Zach Norton

No. 42
- Position: Defensive back

Personal information
- Born: November 19, 1981 (age 44) Fort Lauderdale, Florida, U.S.
- Listed height: 5 ft 11 in (1.80 m)
- Listed weight: 183 lb (83 kg)

Career information
- High school: Jefferson County (Monticello, Florida)
- College: Cincinnati
- NFL draft: 2004: undrafted

Career history
- Baltimore Ravens (2004–2005); Hamburg Sea Devils (2005); Kansas City Chiefs (2006–2007); BC Lions (2007); Colorado Crush (2008);
- Stats at Pro Football Reference
- Stats at ArenaFan.com

= Zach Norton =

American football player (born 1981)

Zach K'reem Norton (born November 19, 1981) is an American former professional football player who was a defensive back for one season with the Baltimore Ravens of the National Football League (NFL). He played college football for ther Cincinnati Bearcats. He was also a member of the Hamburg Sea Devils, Kansas City Chiefs, BC Lions and Colorado Crush.

==Early life==
Norton attended Jefferson County High School in Monticello, Florida.

==Professional career==
Norton signed with the Baltimore Ravens on April 30, 2004 after going undrafted in the 2004 NFL draft. He was released by the Ravens on June 19, 2006.

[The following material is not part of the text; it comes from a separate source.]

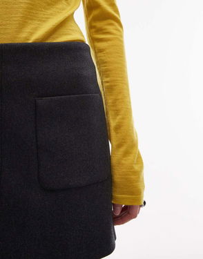 Wool Rich Mini Skirt With Front Pockets In Dark Grey
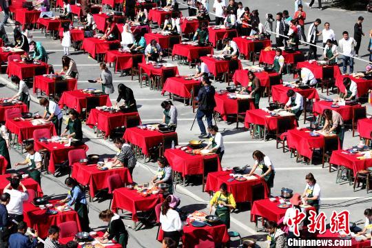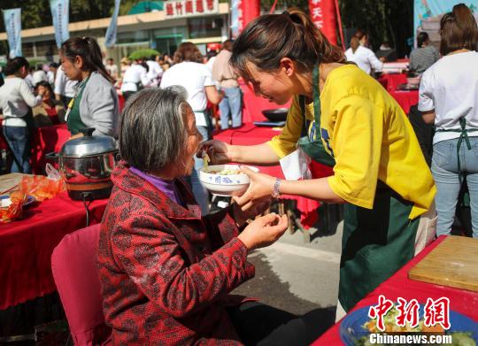 百名农村媳妇现场为婆婆做“长寿面”。 王中举 摄

Norton spent the 2006 season with the Kansas City Chiefs. He signed a two-year contract with the team on February 12, 2007. He was released by the Chiefs in May 2007.

Norton was signed by the BC Lions on August 28, 2007. He was released by the Lions on October 2, 2007.

Norton spent the 2008 season with the Colorado Crush. He was released by the Crush on May 12, 2008.